The Arcas project is located in the Antofagasta Region, 245 km northeast of Antofagasta city, a world class mining hub. The Project is situated in the Atacama Desert, the cordilleran transitional zone between lower desert and high cordillera, at elevations ranging between 1,500-3,800 meters. The Arcas concession block constitutes a combined area of approximately 51,600 hectares and falls along the greater West Fissure-Domeyko mineralized trend which hosts numerous world-class porphyry copper deposits (e.g. Chuquicamata, Collahuasi, El Abra, and Quebrada Blanca). Despite being located adjacent a major mineral belt, the Arcas Project has, to date, had little modern exploration and remains in a preliminary stage of exploration.
Aethon also owns an additional 9,300 hectares of granted exploration concessions (known as the Quiltro, Lia and Timón concessions) which are located near the Arcas Project and will remain wholly-owned by the Company. The Lia, Quiltro and Timón blocks host satellite (ASTER) spectral anomalies. Aethon believes these concessions are highly prospective as they are located proximal to key regional faults along this major productive copper trend.
Rio Tinto to fund up to US$25 million in exploration expenditures to earn up to a 75% interest in Arcas
On September 11, 2019, Aethon announced the execution of an Earn-In with Option to Joint Venture Agreement with Rio Tinto Mining and Exploration Limited / Agencia En Chile, a member of the Rio Tinto Group (“Rio Tinto”), to acquire an interest in the Arcas project in Chile. The Agreement allows Rio Tinto to acquire up to a 75% stake in Arcas, by incurring up to US$25 million in exploration expenditures.
The proposed exploration expenditures contemplated under this Agreement, would represent the first significant exploration program on the Arcas Project since the property was drilled by a subsidiary of Teck in 2010.

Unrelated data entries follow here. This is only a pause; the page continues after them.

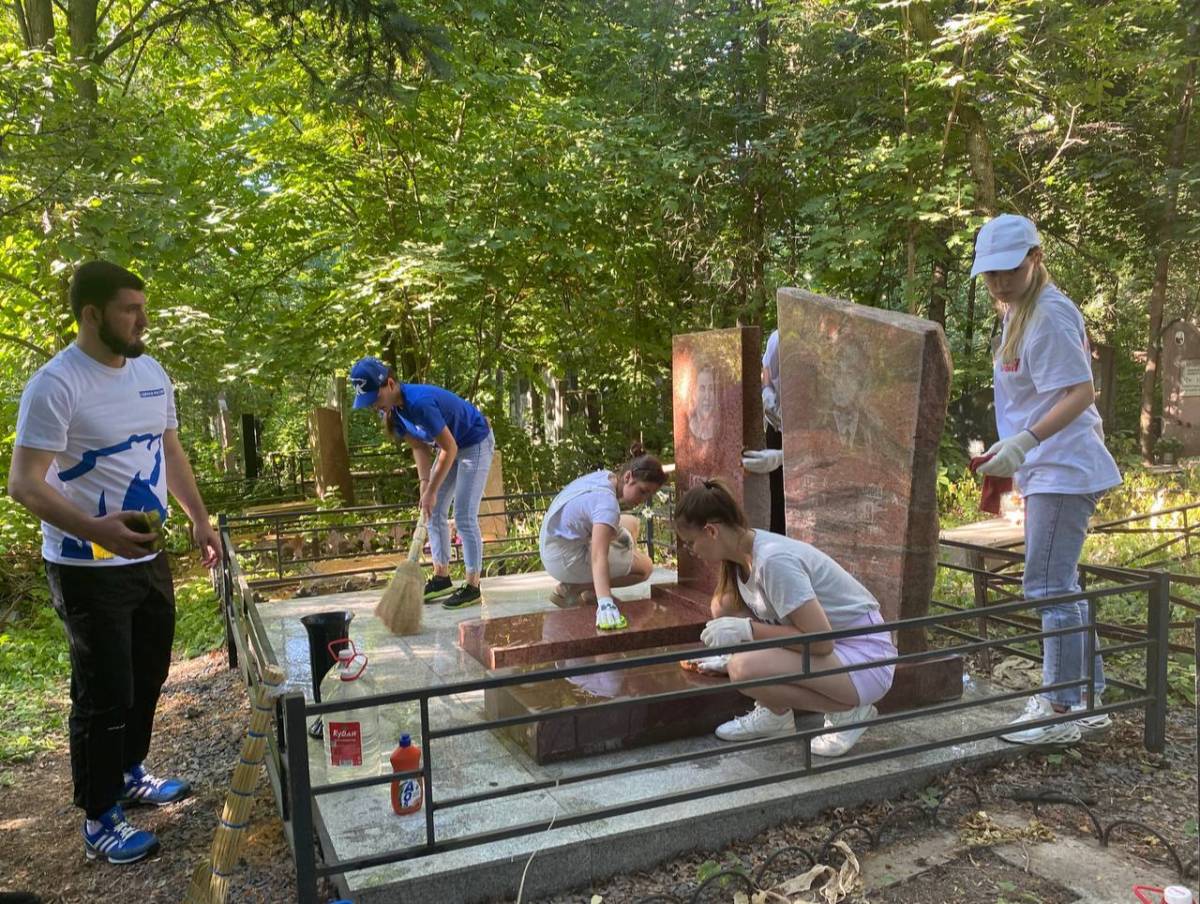Активисты «Единой России» благоустроили территорию захоронения военного летчика в Ворошиловском районе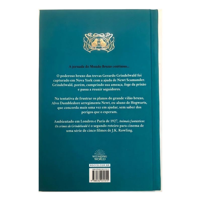 No final de Animais Fantásticos e Onde Habitam, o poderoso bruxo das trevas Gerardo Grindelwald foi capturado em Nova York com a ajuda de Newt Scamander. Mas Grindelwald, cumprindo sua ameaça, foge da prisão e passa a reunir seguidores, cuja maioria não suspeita de suas verdadeiras intenções: criar bruxos puro-sangue para governar todos os seres não mágicos. Tentando frustrar os planos de Grindelwald, Alvo Dumbledore arregimenta Newt, ex-aluno de Hogwarts, que concorda em ajudar mais uma vez, sem saber dos perigos que tem pela frente. Limites serão traçados e o amor e a lealdade serão testados, até entre os amigos e familiares mais fiéis e confiáveis, em um mundo bruxo cada vez mais dividido. Segundo roteiro original assinado por J.K. Rowling, com design de capa do estúdio MinaLima, Animais Fantásticos: os crimes de Grindelwald complementa os acontecimentos que ajudaram a dar forma ao Mundo Bruxo, com algumas referências surpreendentes às histórias de Harry Potter que deliciarão os fãs dos livros e filmes da série.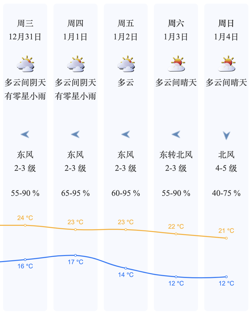 想穿短袖跨年的朋友可能要失望了。受冷空气影响,元旦假期云量增多,还会飘点分散小雨。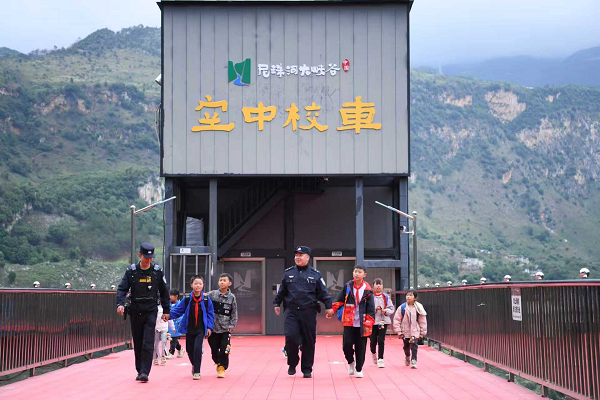每天清晨,民警在站台检查设备、疏导秩序;傍晚放学,准时等候护送学生返程。节假日客流集中时,专门开通学生“绿色通道”,保障求学路顺畅安全。“六一”期间,民警带着礼物走进山区学校,把安全知识和关怀送到孩子身边。这段跨越峡谷的守护,成为当地护校安园的生动实践。

A summary of the key terms of the Agreement are as follows:
- Rio Tinto has the right but not the obligation to earn up to a 75% interest in the Arcas Project by funding project expenditures of up to US$25 million as follows:
1st Option: If Rio Tinto incurs total project expenditures of US$4 million within 3 years, and makes aggregate cash payments to Aethon of US$300,000 during the first two years, it will have the right to acquire a 51% interest in the Arcas project (“Stage 1 earn-in project expenditure”) through the acquisition of 51% stock of a new company (“Opco”) that will be incorporated;
To exercise the option, Rio Tinto shall make the cash payments before the following dates:
- US$100,000 on or before the first anniversary date;
- US$200,000 on or before the second anniversary date;
2nd Option: If Rio Tinto incurs additional project expenditures of US$5 million over the subsequent 2 year period, it will have a right to acquire an additional 14% interest in Opco (holder of the Arcas project), resulting in its total interest being 65%; and
3rd Option: If Rio Tinto incurs additional project expenditures of US$16 million over the subsequent 3 year period, it will have a right to acquire an additional 10% interest in Opco (holder of the Arcas project), resulting in its total interest being 75%;
- Rio Tinto has agreed to incur minimum project expenditures of US$1 million within one year of securing all necessary approvals to conduct drilling activities which is to be part of the Stage 1 earn-in project expenditure.
- In the event Rio Tinto withdraws from the Project, it will pay Aethon an amount equaling the cost to maintain the Project concessions for the 12 month period commencing on the date of termination that have not already been paid.
Under the terms of the Agreement, Rio Tinto shall have the right to form a Joint Venture (“JV”) with the following key terms:
- The JV (Opco) may be formed with 51% to Rio Tinto and 49% to Aethon upon satisfaction of the 1st Option; 65% to Rio Tinto and 35% to Aethon upon satisfaction of the 2nd Option; or 75% to Rio Tinto and 25% to Aethon upon satisfaction of the 3rd Option.
- The JV will be managed by Rio Tinto and funded by each participant in accordance with their interest.
- Aethon may elect not to fund its interest and be diluted down to a 10% interest. If Aethon is diluted below a 10% interest, its interest will convert to a 1% net smelter royalty capped at US$50 million.
- Each party will have a right of first refusal should the other party wish to divest its shareholder interest.
All the properties are subject to an underlying 1.02% gross sales royalty in favor of the Chilean companies BLC, Prospex and Calisto, all of them owned and controlled by Mining Equity Fund, a Chilean fund controlled by Altius, as well as a 0.98% gross sales royalty to Altius Minerals Corp. (TSX:ALS).